Problem to solve: The output should match, line for line, the records from the line containing "桜島岳の四合目にあり、眼の前" through the line containing "贵阳市疫情还在持续,在这非常", with every picture left out.

Data to use Start Marker

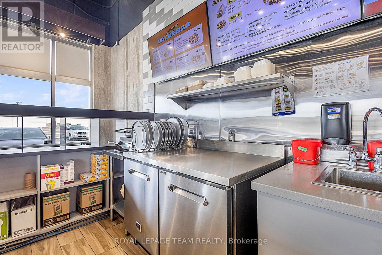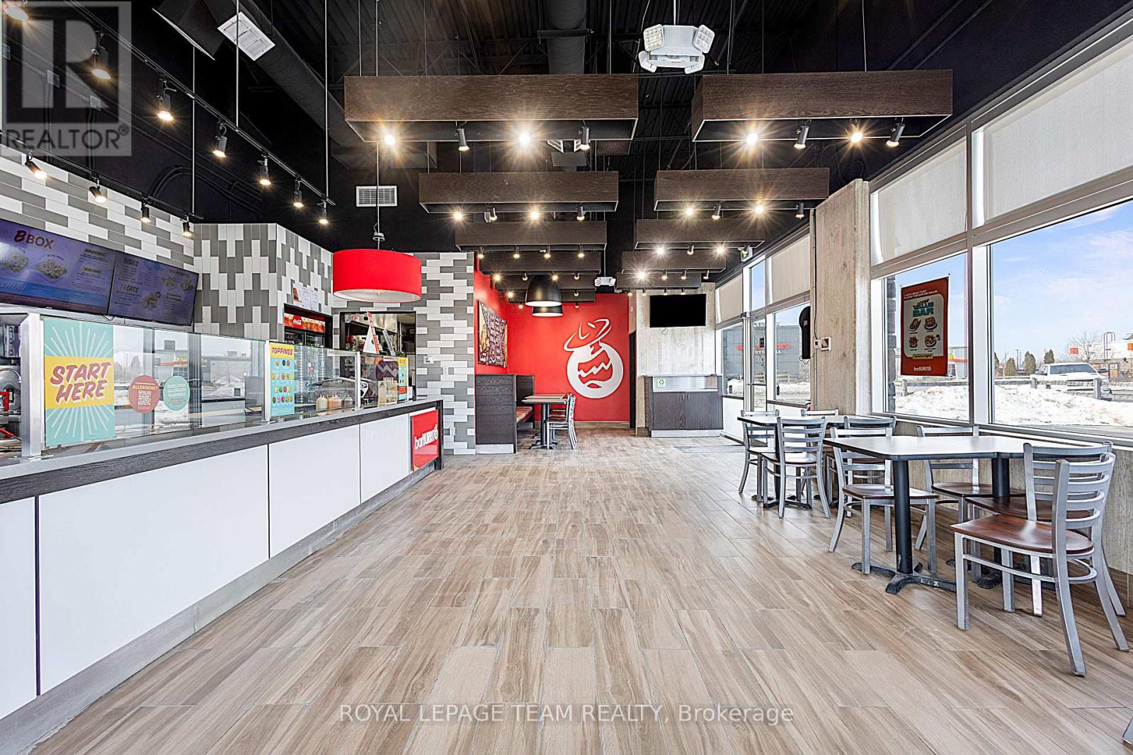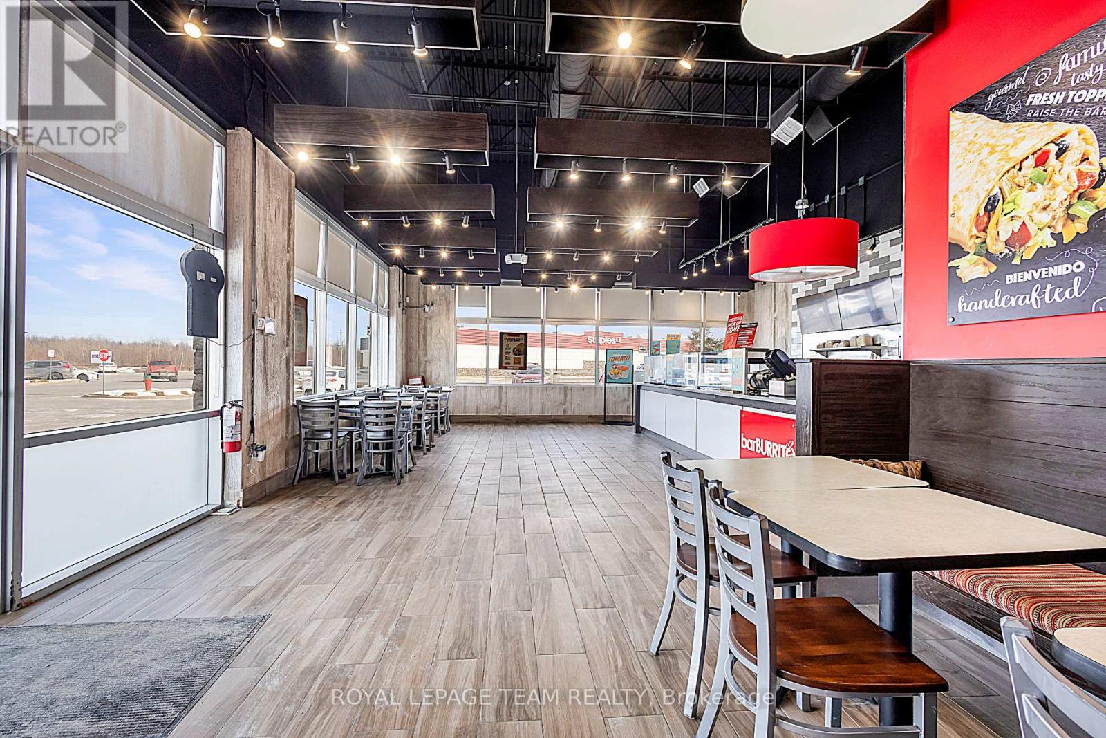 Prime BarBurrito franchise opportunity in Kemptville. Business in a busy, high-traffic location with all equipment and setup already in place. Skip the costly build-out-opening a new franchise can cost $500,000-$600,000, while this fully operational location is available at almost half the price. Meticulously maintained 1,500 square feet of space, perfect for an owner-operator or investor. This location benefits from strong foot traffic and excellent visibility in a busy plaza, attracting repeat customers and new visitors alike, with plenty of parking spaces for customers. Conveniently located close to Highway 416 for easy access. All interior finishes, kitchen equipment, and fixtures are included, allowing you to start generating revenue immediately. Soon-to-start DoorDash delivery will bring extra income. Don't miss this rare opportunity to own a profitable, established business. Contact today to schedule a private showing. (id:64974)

Data to use End Marker
Data to use Start Marker

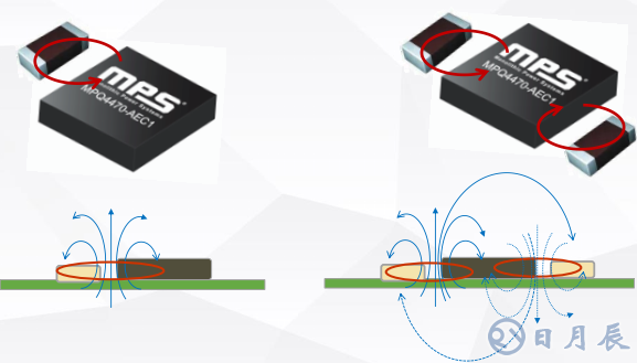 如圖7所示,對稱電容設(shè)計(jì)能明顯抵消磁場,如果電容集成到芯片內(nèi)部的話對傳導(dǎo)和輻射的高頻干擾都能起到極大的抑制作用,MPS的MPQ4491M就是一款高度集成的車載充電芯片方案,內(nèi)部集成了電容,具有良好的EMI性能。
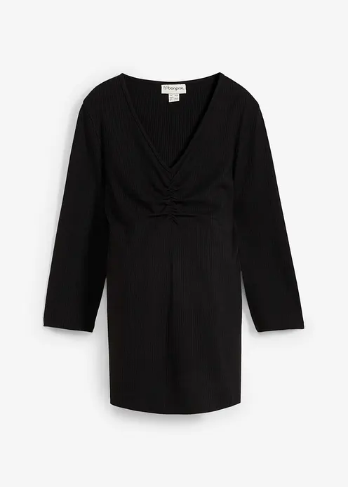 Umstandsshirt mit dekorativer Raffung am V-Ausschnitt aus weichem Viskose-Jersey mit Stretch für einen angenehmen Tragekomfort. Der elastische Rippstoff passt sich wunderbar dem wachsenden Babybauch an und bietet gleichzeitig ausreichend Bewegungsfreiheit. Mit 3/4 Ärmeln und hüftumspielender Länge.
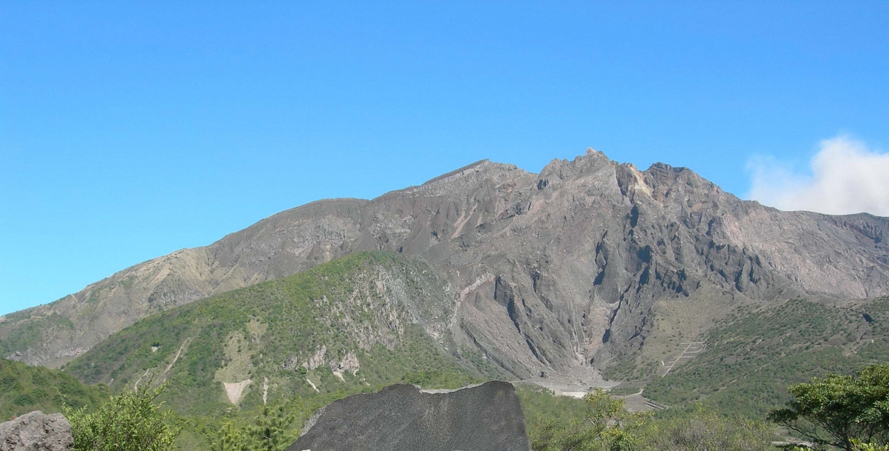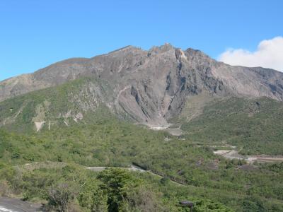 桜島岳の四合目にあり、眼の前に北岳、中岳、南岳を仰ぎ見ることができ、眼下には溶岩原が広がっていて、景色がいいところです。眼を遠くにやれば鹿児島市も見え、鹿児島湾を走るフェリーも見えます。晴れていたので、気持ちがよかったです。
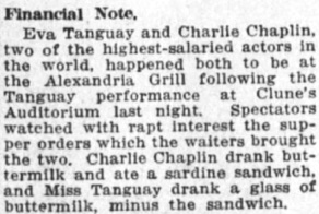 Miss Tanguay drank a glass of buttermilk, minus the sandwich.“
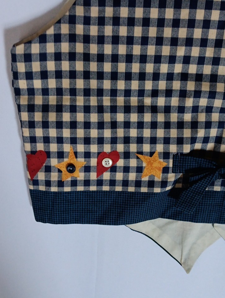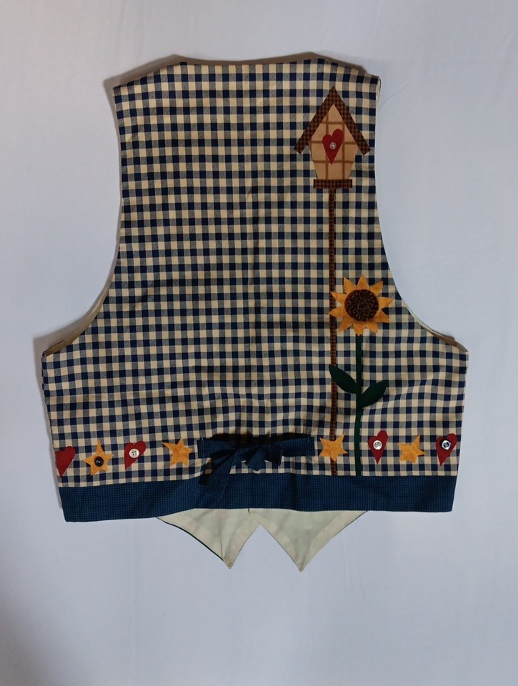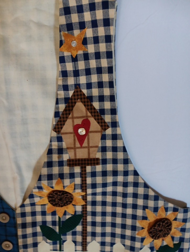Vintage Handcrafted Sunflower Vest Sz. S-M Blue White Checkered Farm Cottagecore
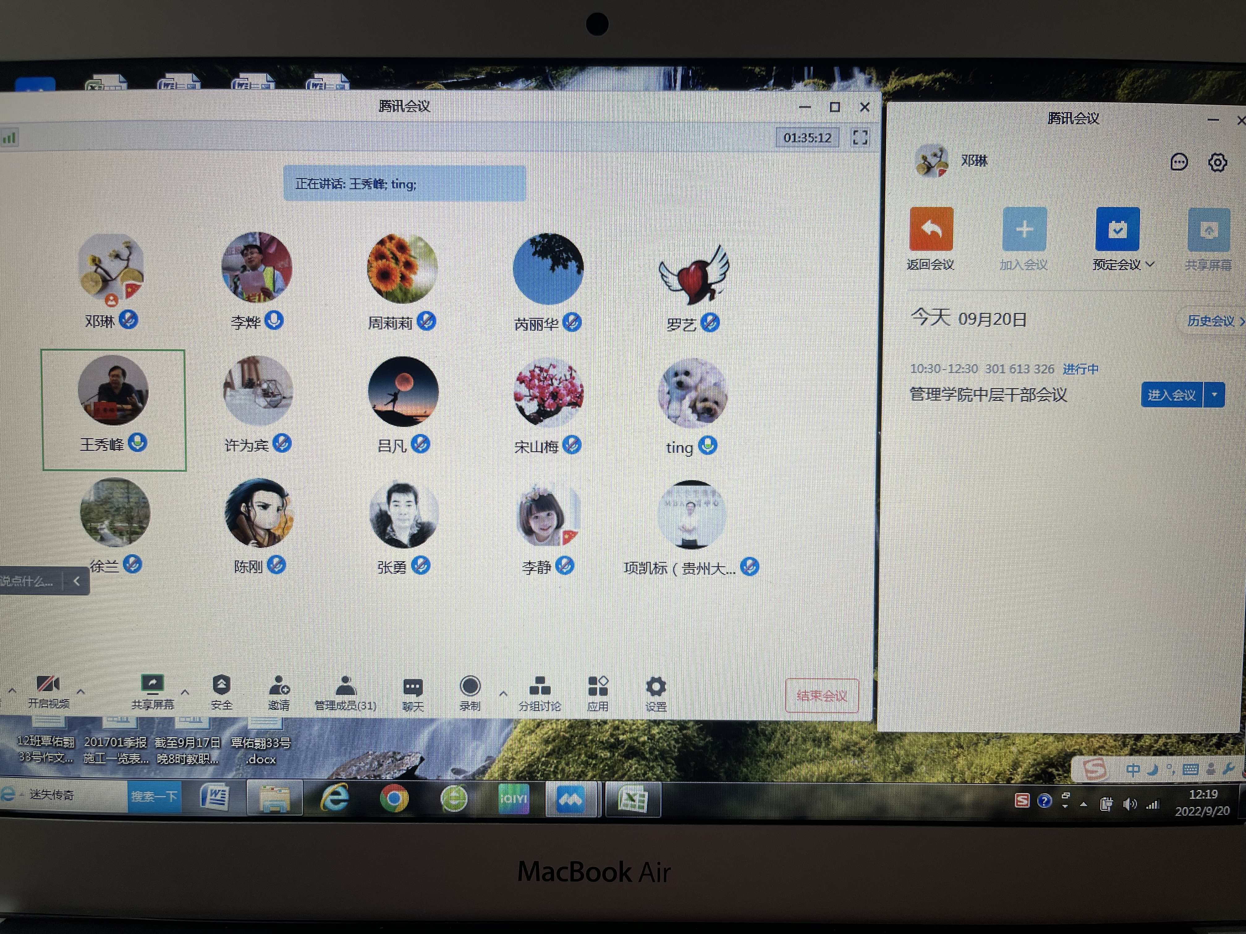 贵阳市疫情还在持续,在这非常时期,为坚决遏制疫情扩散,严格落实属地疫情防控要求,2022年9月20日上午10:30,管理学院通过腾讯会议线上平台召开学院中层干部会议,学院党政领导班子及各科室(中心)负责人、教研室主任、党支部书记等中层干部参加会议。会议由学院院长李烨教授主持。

Data to use End Marker

Result of the exercise:
 桜島岳の四合目にあり、眼の前に北岳、中岳、南岳を仰ぎ見ることができ、眼下には溶岩原が広がっていて、景色がいいところです。眼を遠くにやれば鹿児島市も見え、鹿児島湾を走るフェリーも見えます。晴れていたので、気持ちがよかったです。
 Miss Tanguay drank a glass of buttermilk, minus the sandwich.“
Vintage Handcrafted Sunflower Vest Sz. S-M Blue White Checkered Farm Cottagecore
 贵阳市疫情还在持续,在这非常时期,为坚决遏制疫情扩散,严格落实属地疫情防控要求,2022年9月20日上午10:30,管理学院通过腾讯会议线上平台召开学院中层干部会议,学院党政领导班子及各科室(中心)负责人、教研室主任、党支部书记等中层干部参加会议。会议由学院院长李烨教授主持。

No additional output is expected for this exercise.